== Exercise description ==
Without including pictures, set down every record exactly as it stands.

== Provided data ==
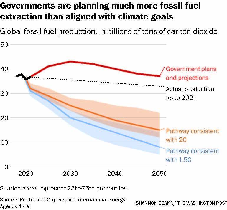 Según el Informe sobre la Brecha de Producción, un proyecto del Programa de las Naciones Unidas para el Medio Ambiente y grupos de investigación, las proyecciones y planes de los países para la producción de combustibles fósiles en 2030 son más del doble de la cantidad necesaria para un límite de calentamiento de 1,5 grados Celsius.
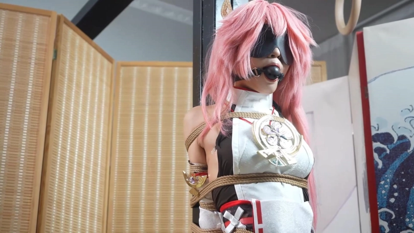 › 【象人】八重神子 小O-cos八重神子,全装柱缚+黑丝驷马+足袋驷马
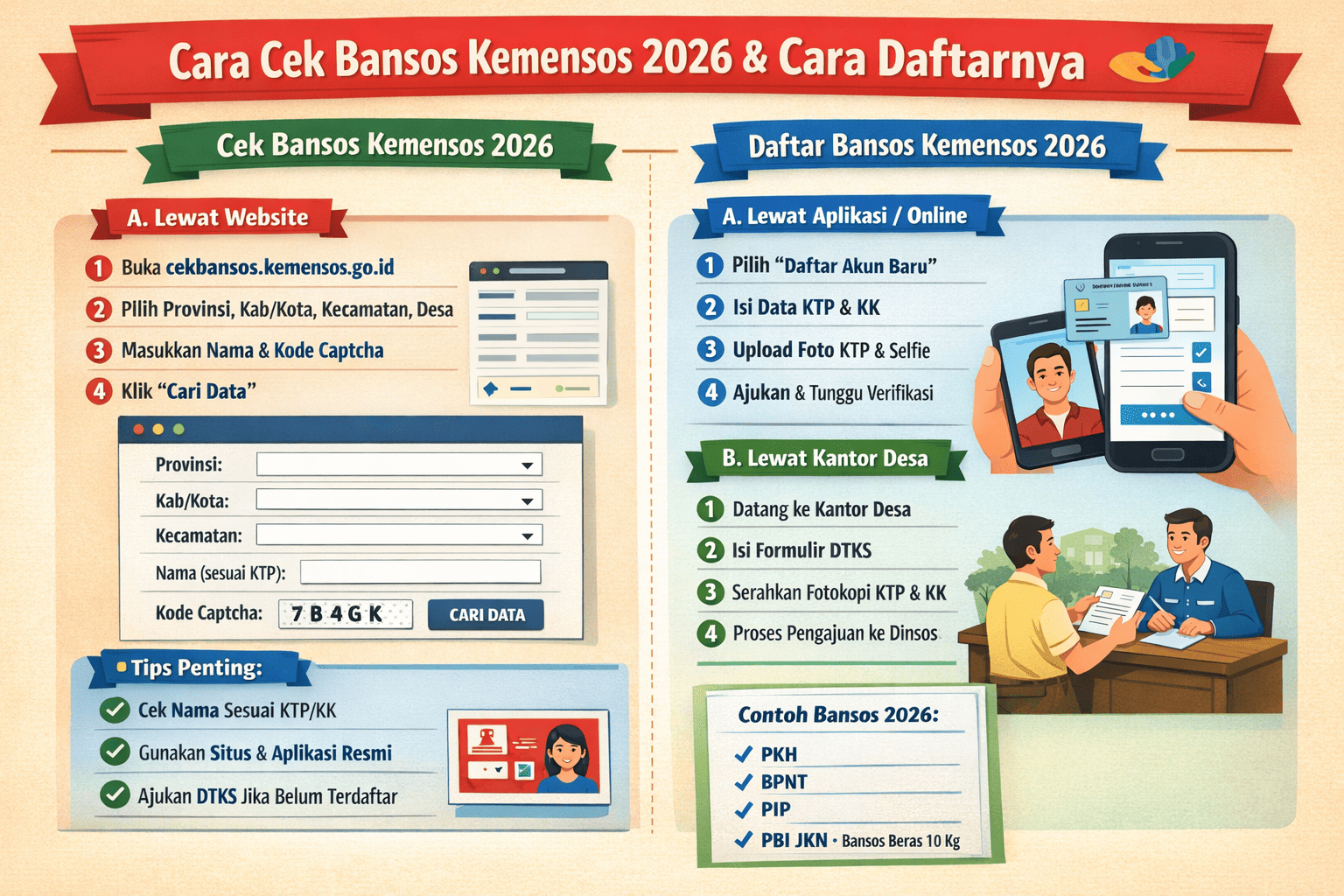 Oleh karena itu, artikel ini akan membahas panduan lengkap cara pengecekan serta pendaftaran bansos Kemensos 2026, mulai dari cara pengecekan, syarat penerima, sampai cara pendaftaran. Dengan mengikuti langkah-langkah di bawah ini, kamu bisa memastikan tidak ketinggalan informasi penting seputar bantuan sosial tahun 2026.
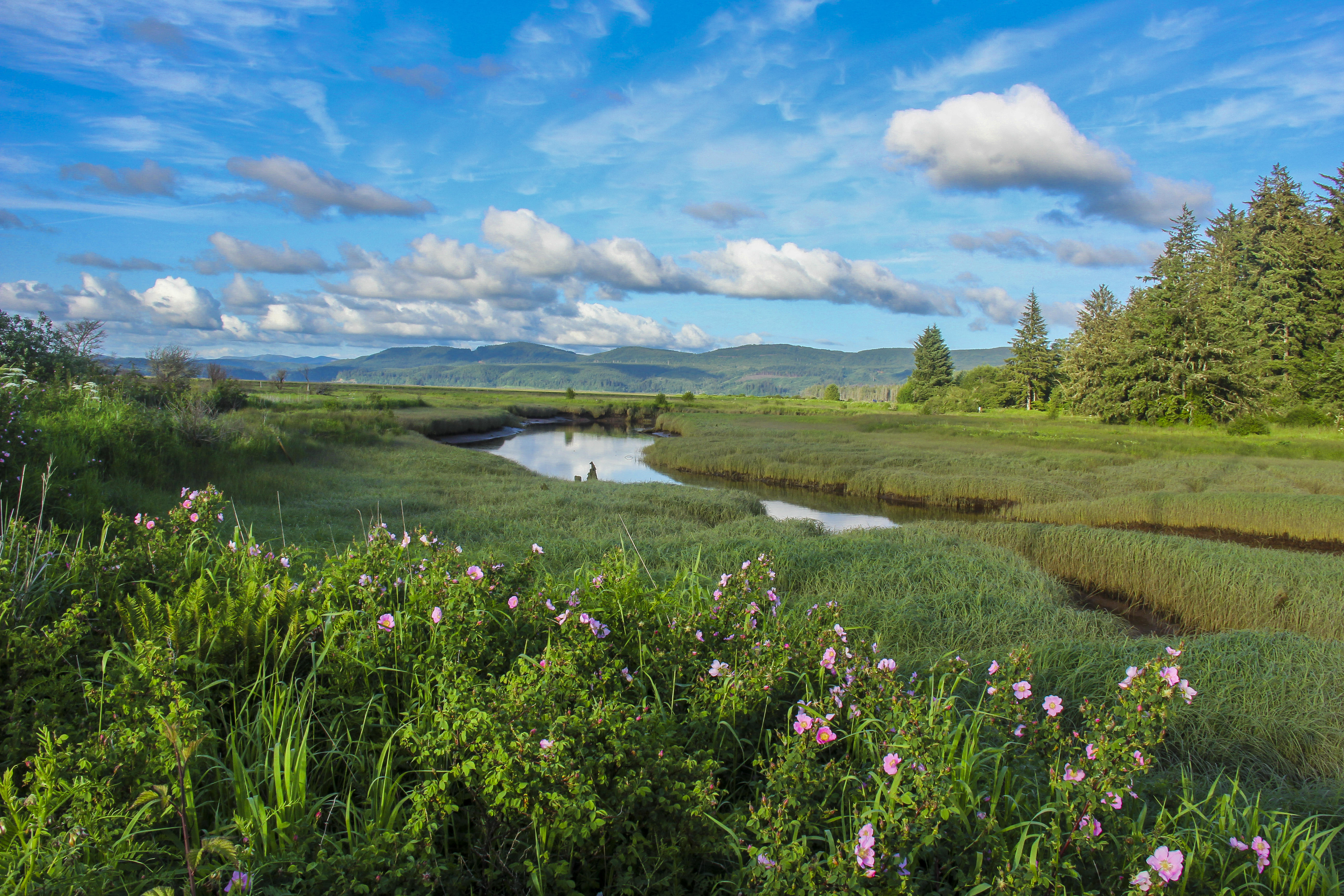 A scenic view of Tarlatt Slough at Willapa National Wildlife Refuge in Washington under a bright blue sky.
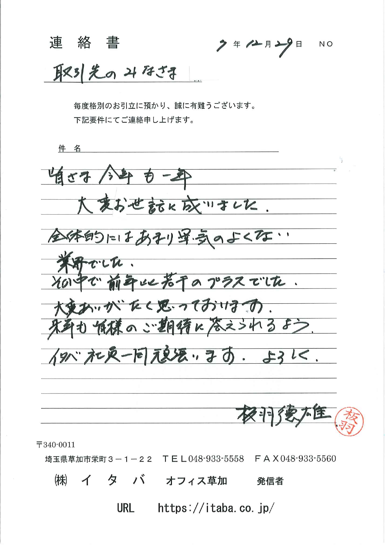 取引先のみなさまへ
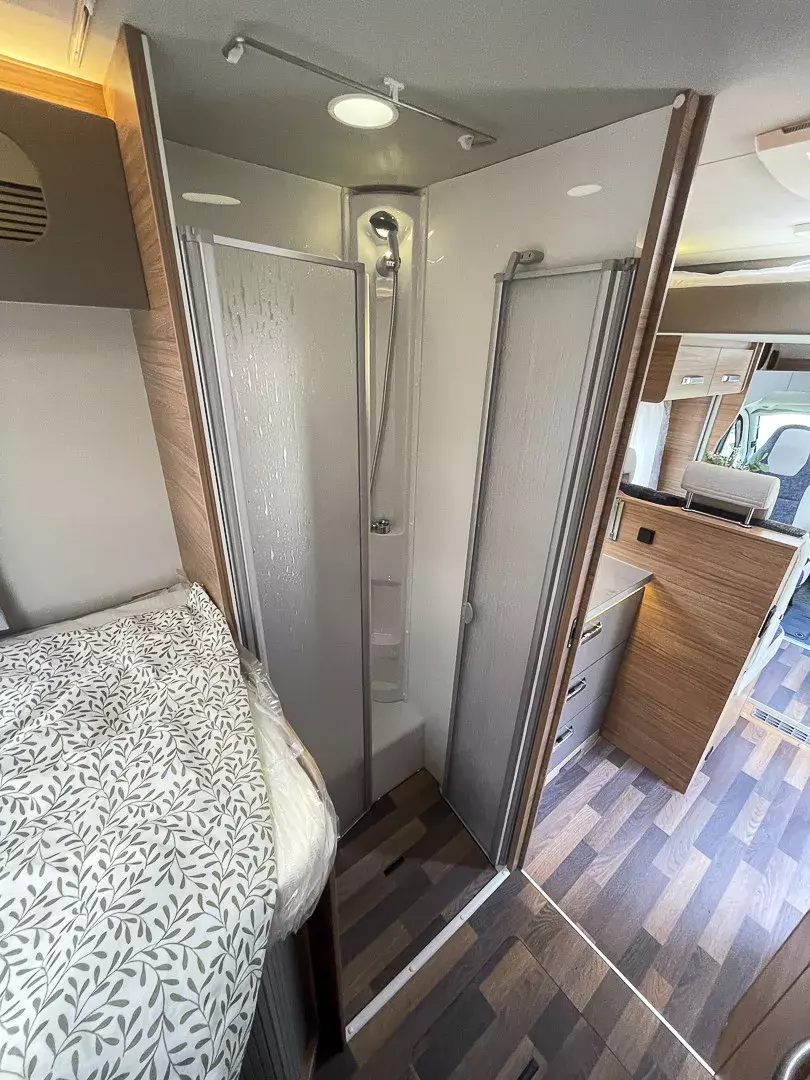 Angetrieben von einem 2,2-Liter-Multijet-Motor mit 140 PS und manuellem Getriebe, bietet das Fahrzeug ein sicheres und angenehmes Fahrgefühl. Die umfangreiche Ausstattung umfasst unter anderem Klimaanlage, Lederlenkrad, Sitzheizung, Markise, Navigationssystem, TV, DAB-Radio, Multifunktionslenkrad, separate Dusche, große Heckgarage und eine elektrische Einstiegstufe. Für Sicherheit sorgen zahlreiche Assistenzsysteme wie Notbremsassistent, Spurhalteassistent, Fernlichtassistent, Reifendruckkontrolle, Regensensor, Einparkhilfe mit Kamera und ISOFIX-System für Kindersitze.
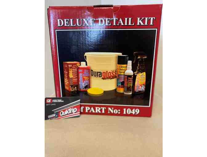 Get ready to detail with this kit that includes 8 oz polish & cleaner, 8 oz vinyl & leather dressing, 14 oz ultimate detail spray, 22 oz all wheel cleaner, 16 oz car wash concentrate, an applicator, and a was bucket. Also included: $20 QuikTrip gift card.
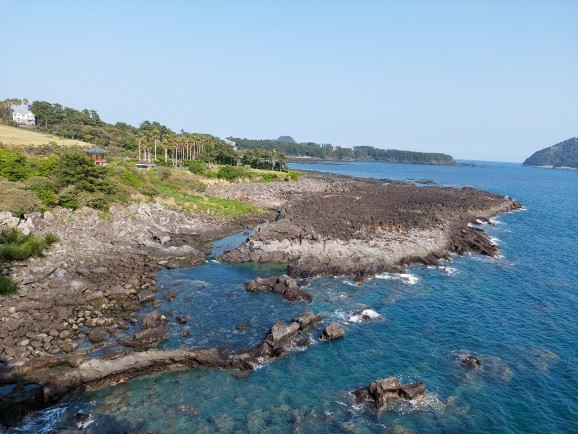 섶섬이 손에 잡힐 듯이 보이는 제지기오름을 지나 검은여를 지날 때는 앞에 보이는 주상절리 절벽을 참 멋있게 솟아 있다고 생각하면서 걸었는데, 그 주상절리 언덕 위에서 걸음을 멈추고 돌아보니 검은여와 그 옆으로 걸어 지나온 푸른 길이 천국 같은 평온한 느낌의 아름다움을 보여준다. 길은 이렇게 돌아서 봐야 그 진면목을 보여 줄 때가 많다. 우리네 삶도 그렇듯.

== Solution to this problem ==
 Según el Informe sobre la Brecha de Producción, un proyecto del Programa de las Naciones Unidas para el Medio Ambiente y grupos de investigación, las proyecciones y planes de los países para la producción de combustibles fósiles en 2030 son más del doble de la cantidad necesaria para un límite de calentamiento de 1,5 grados Celsius.
 › 【象人】八重神子 小O-cos八重神子,全装柱缚+黑丝驷马+足袋驷马
 Oleh karena itu, artikel ini akan membahas panduan lengkap cara pengecekan serta pendaftaran bansos Kemensos 2026, mulai dari cara pengecekan, syarat penerima, sampai cara pendaftaran. Dengan mengikuti langkah-langkah di bawah ini, kamu bisa memastikan tidak ketinggalan informasi penting seputar bantuan sosial tahun 2026.
 A scenic view of Tarlatt Slough at Willapa National Wildlife Refuge in Washington under a bright blue sky.
 取引先のみなさまへ
 Angetrieben von einem 2,2-Liter-Multijet-Motor mit 140 PS und manuellem Getriebe, bietet das Fahrzeug ein sicheres und angenehmes Fahrgefühl. Die umfangreiche Ausstattung umfasst unter anderem Klimaanlage, Lederlenkrad, Sitzheizung, Markise, Navigationssystem, TV, DAB-Radio, Multifunktionslenkrad, separate Dusche, große Heckgarage und eine elektrische Einstiegstufe. Für Sicherheit sorgen zahlreiche Assistenzsysteme wie Notbremsassistent, Spurhalteassistent, Fernlichtassistent, Reifendruckkontrolle, Regensensor, Einparkhilfe mit Kamera und ISOFIX-System für Kindersitze.
 Get ready to detail with this kit that includes 8 oz polish & cleaner, 8 oz vinyl & leather dressing, 14 oz ultimate detail spray, 22 oz all wheel cleaner, 16 oz car wash concentrate, an applicator, and a was bucket. Also included: $20 QuikTrip gift card.
 섶섬이 손에 잡힐 듯이 보이는 제지기오름을 지나 검은여를 지날 때는 앞에 보이는 주상절리 절벽을 참 멋있게 솟아 있다고 생각하면서 걸었는데, 그 주상절리 언덕 위에서 걸음을 멈추고 돌아보니 검은여와 그 옆으로 걸어 지나온 푸른 길이 천국 같은 평온한 느낌의 아름다움을 보여준다. 길은 이렇게 돌아서 봐야 그 진면목을 보여 줄 때가 많다. 우리네 삶도 그렇듯.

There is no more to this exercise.